The “early detection = cure” message is a cruel joke to members of the MBC community. How many nights did I lie awake wondering, if I had just found the suspicious lumps 3 or 4 months earlier, might I, then, be a “survivor”? That pink bus seemed to be suggesting that if I had just fulfilled my personal responsibilities…. Last October, one blogger, a woman who is at high risk of breast cancer due to carrying the BRCA1 gene, had the audacity to write, “My doctor told me that women who follow the rules don’t die from breast cancer.” Such statements put the blame squarely on patients for the spread of their cancer. To which I say, screw you and the bus that you rode in on.

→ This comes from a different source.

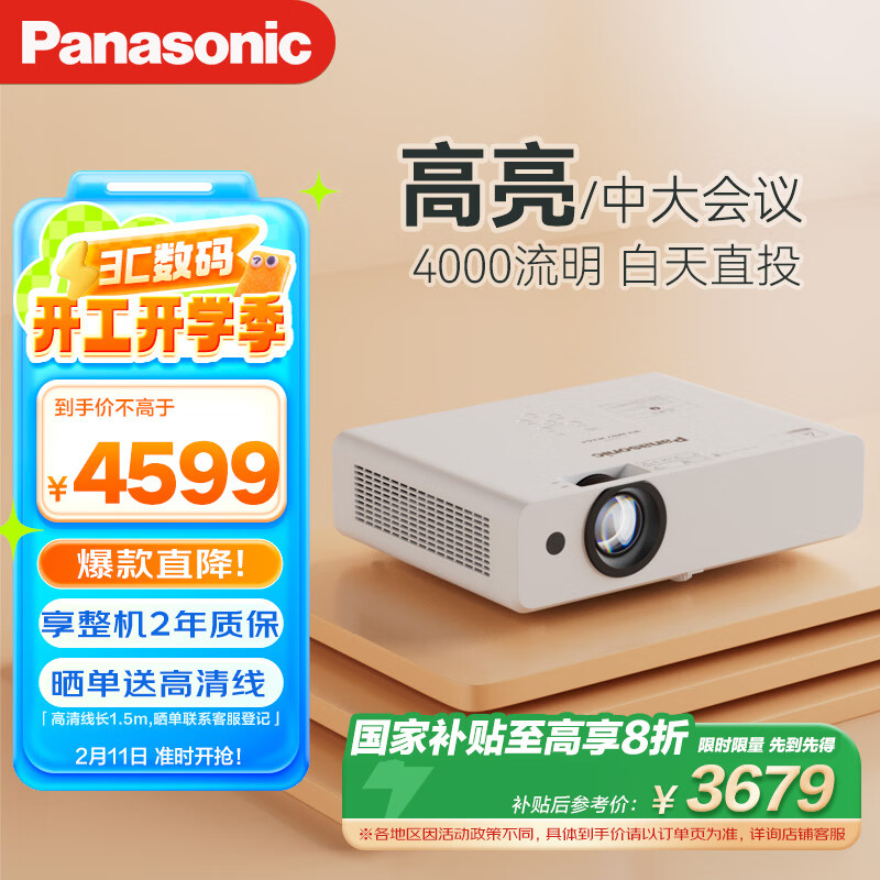 松下(Panasonic)PT-WX3901投影仪办公室会议专用 培训商用户外 家用家庭影院(4000流明 高亮白天直投)价格:4599.00元!

It’s not fair to blame patients for their illness, especially when what is needed is more research and more focus on MBC. If you are receiving fundraising messages for Breast Cancer Awareness month, please ask yourself the questions: Is this fundraiser going to benefit all breast cancer patients or just those in the early stages of the disease? Is the message focused on early detection and treatment, or is it focused on responding to the needs of all, including the most imperiled? If you would like to donate to support breast cancer research, please consider giving to an organization that recognizes the need for more research and support for MBC patients.

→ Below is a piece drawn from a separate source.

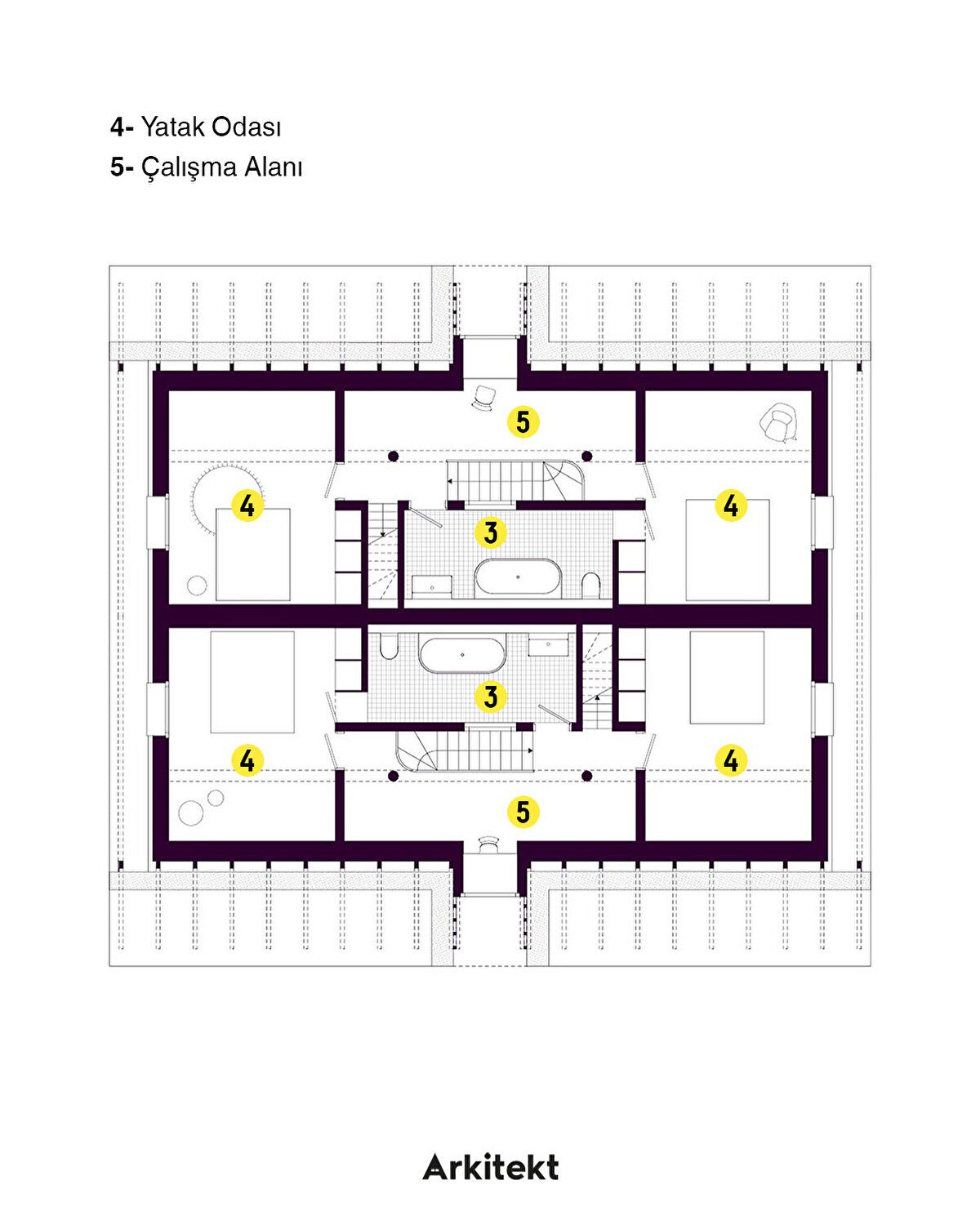 Sazdan çatı, çatı eğimi ve destek yapısının kalınlığı gibi parametreleri belirleyerek tasarlanıyor. İki yerleşim birimi kuzey ve güney cephelere bakacak şekilde konumlanıyor. Kuzeydeki birim mevcut bina ile birlikte kullanılırken, güneydeki birim kiraya veriliyor. Yeni bina, yerel gereksinimlere uygun olarak caddeye paralel hizalanıyor. Becker, her iki dairenin de zemin kattan çatıya kadar uzanması nedeniyle sazdan çatının her kattan farklı deneyimlenebileceğini belirtiyor.

On October 1, I took part in my local Run for the Cure event to mark Breast Cancer Awareness Month. Given my skepticism towards these efforts, I was not sure what to expect. But, as the old feminist adage goes, Sisterhood Is Powerful. Gathering with so many people of all ages marking their personal losses from breast cancer as well as their collective hope for a cure made me feel supported. Indeed, flawed as this movement may be, it has gone a long way towards making breast cancer a popular cause. There was a time when people would not even say the word “cancer,” and now I can be celebrated for living with it. (“You’re amazing!” one young volunteer enthused when I went to pick up my free pink t-shirt.) More importantly, as I walked the course with friends who have been through the breast cancer experience, it opened up a space for us to have conversations that would otherwise feel out of place. We talked about facing fear, the places where we find strength, and dealing with the limits of scientific knowledge.
This year that bus is back with a large pink ad, proclaiming, “Breast Cancer . . . not just a disease of older women,” next to a photograph of a vibrant young women, telling us she “was only 24 when she lost her life to breast cancer.” This acknowledgement that women die from breast cancer suggests that the message is moving in the right direction. Over the past year, I have learned that there is no shame in having MBC, and by telling my story I can change the collective understanding of breast cancer to include those of us living with the disease, not surviving.